Keku customer service number — how to find it and use it effectively
Where to look for Keku’s official customer service number
Keku’s publicly listed contact details can change; the most reliable place to find an official phone number is inside your secure Keku account dashboard and on Keku’s own support pages. Check the support section at https://www.keku.com/support and the bottom (footer) of your account portal for a dedicated “Contact” or “Support” entry. For contractual or escalation contacts, the details are usually included in the invoice or the signed service agreement you received when the account was created.
Third‑party directories, reseller pages, and forum posts frequently show outdated phone numbers. To avoid wasting time or risking fraud, do not rely on search engine snippets alone. If your account is managed by a reseller, the reseller’s support phone and escalation path will typically be the first line of contact — that number will be on invoices and the reseller portal rather than on Keku’s retail pages.
How to prepare before you call Keku support
Gather the essential account and technical data before you call so the agent can diagnose problems quickly. Required items: your Keku account ID, full account email, the last four digits of the payment method on file, invoice number (if billing related), and the exact DID(s) or virtual numbers involved. For technical issues, record the exact time (including timezone) of the failed call, caller and callee numbers, and whether the problem is consistent or intermittent.
For SIP/VoIP problems, capture or have ready these technical details: SIP username and domain as shown in the portal, SIP server/registrar, transport protocol (UDP/TCP/TLS), SIP port (commonly 5060 for UDP/TCP or 5061 for TLS), and RTP port range (commonly 10000–20000). Also note codec preferences (e.g., G.711 µ-law/alaw, G.729), whether SRTP is enabled, and any NAT traversal tools in use (STUN/TURN). Providing a short packet capture (pcap) or SIP trace and the device model and firmware version cuts average resolution time dramatically.
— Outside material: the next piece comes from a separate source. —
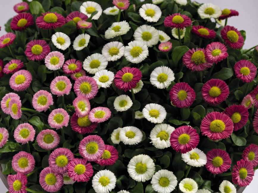 Похожи на небольшие ромашки с желтой сердцевинкой, могут быть махровые, трубчатые. Собраны в корзинки. На фото цветы маргаритки многолетней выглядят маленькими разноцветными солнышками, а махровые сорта напоминают помпоны.

Phone support alternatives and escalation paths
If you cannot find or reach a live phone number, Keku offers multiple non‑voice support channels that can be faster for certain issues: a ticketing system inside the account portal, email support, and an online knowledge base. Open a ticket through the portal and include the technical artefacts described above; an initial ticket acknowledgement should arrive within a few hours during business days and allows engineers to work asynchronously on the issue.
For outages and contractual escalations, look for an “emergency” or “critical incident” procedure in your service agreement. Enterprise customers usually have a dedicated Technical Account Manager (TAM) or a hotline number listed in the SLA. If your issue involves number porting, billing disputes, or E911 provisioning, specify that when opening a ticket — those teams have different workflows and response time targets (for example, many providers aim to respond to critical incidents within 1–2 hours and to standard tickets within 24–48 hours).
Billing, porting, and account disputes: practical details
When contacting billing, have the invoice number, charge date, the last four of the card used, and a clear description of the disputed amount. Dispute timelines commonly require notification within 30 calendar days of the charge; check your contract for exact limits. Porting a number into Keku typically requires a recent copy of the current carrier invoice (last 30–60 days) and an authorization form (LOA). Typical local number porting can take 7–30 business days; toll‑free or inter‑carrier special cases may take longer (up to 45 days) depending on the losing carrier.
Refund and cancellation rules are contract dependent. Small accounts often have monthly prepay billing cycles; enterprise arrangements may have termination fees or minimum terms. If you need a refund or invoice correction, escalate through the billing ticket route and request a timestamped response; if resolution stalls past the SLA, escalate to the account manager or use the formal dispute clause in your contract.
Technical support: common root causes and exact fixes
Common VoIP issues that support will check first include NAT/firewall blocking (SIP signalling or RTP ports closed), codec mismatches, excessive network packet loss (>1%), high jitter (>30–60 ms), or MOS below 3.7. Practical fixes to try and report before calling: open UDP 5060 (or 5061 for TLS) and the RTP port range 10000–20000 in the firewall, enable STUN if behind symmetric NAT, prefer G.711 for troubleshooting, and test using a wired connection to remove Wi‑Fi variables.
If you provide a packet capture, support will look for repeated Retransmits or 4xx SIP responses and for RTP packet gaps. Useful network diagnostics to run and include in your support ticket: ping and traceroute to the SIP server, an RTP stream test (e.g., using sipp or a media test tool), and an A/V test call from the device to a publicly reachable echo server. Providing these diagnostics reduces average time to resolution from hours to often under one business day.
- Quick troubleshooting checklist: confirm account/caller details, record timestamps (UTC), check SIP transport and ports (5060/5061), verify RTP range (10000–20000), test with G.711, capture a short pcap or SIP trace, note firmware/version of SIP device, try wired LAN to rule out Wi‑Fi.
- Essential info to have when calling or opening a ticket: Keku account ID, full email on account, invoice number (if billing), DID(s) affected, local timezone and exact timestamps of incidents, call flow sample (caller->callee), and any error messages returned by endpoints (e.g., 403, 408, 503).